The number of people who applied for U.S. unemployment benefits fell by 8,000 to 276,000 in the seven days from May 24 to May 30, the government said Thursday. Economists polled by MarketWatch had expected initial claims to total a seasonally adjusted 278,000. The average of new claims over the past month edged up 2,750 to 274,750, the Labor Department said. T he four-week average smooths out sharp fluctuations in the more volatile weekly report and is seen as a more accurate predictor of labor-market trends.
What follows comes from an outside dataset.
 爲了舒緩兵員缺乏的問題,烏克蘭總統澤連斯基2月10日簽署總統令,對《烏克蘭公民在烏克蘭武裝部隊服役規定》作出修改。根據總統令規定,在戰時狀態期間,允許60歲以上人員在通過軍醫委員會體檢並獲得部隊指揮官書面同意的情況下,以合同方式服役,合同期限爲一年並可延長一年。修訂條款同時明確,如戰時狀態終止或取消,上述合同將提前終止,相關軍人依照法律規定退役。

Yet both jobless claims numbers are near 15-year lows, reflecting the small number of layoffs taking place in the economy each week.
To reiterate the point I make every Thursday morning, it’s worth remembering that week-to-week results can vary widely, and it’s best not to read too much significance into any one report.
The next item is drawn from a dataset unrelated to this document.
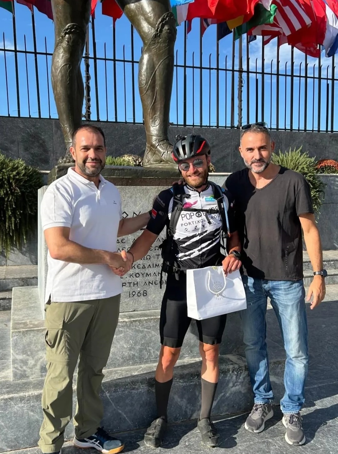 Με τον τερματισμό του ταξιδιού του σε αυτό το εμβληματικό σημείο, όπου έχουν τερματίσει τεράστιοι αθλητές, ο Χρήστος έγινε μέρος της κοινότητάς μας και της ιστορίας αυτού του τόπου. Όλοι τον ευχαριστούμε από καρδιάς. Του ευχόμαστε να παραμείνει δυνατός και υγιής, συνεχίζοντας να περνά μηνύματα όπως το σημερινό, κάνοντας το αγαπημένο του χόμπι».

In terms of metrics, when jobless claims fall below the 400,000 threshold, it’s considered evidence of an improving jobs landscape. At this point, we’ve been below 300,000 in 32 of the last 38 weeks.
Above you’ll find the chart showing weekly, initial unemployment claims going back to the beginning of 2007. (Remember, unlike the monthly jobs chart, a lower number is good news.) For context, I’ve added an arrow to show the point at which President Obama’s Recovery Act began spending money.
Also note, tomorrow is Jobs Day -- the day the monthly totals for May are released by the Bureau of Labor Statistics.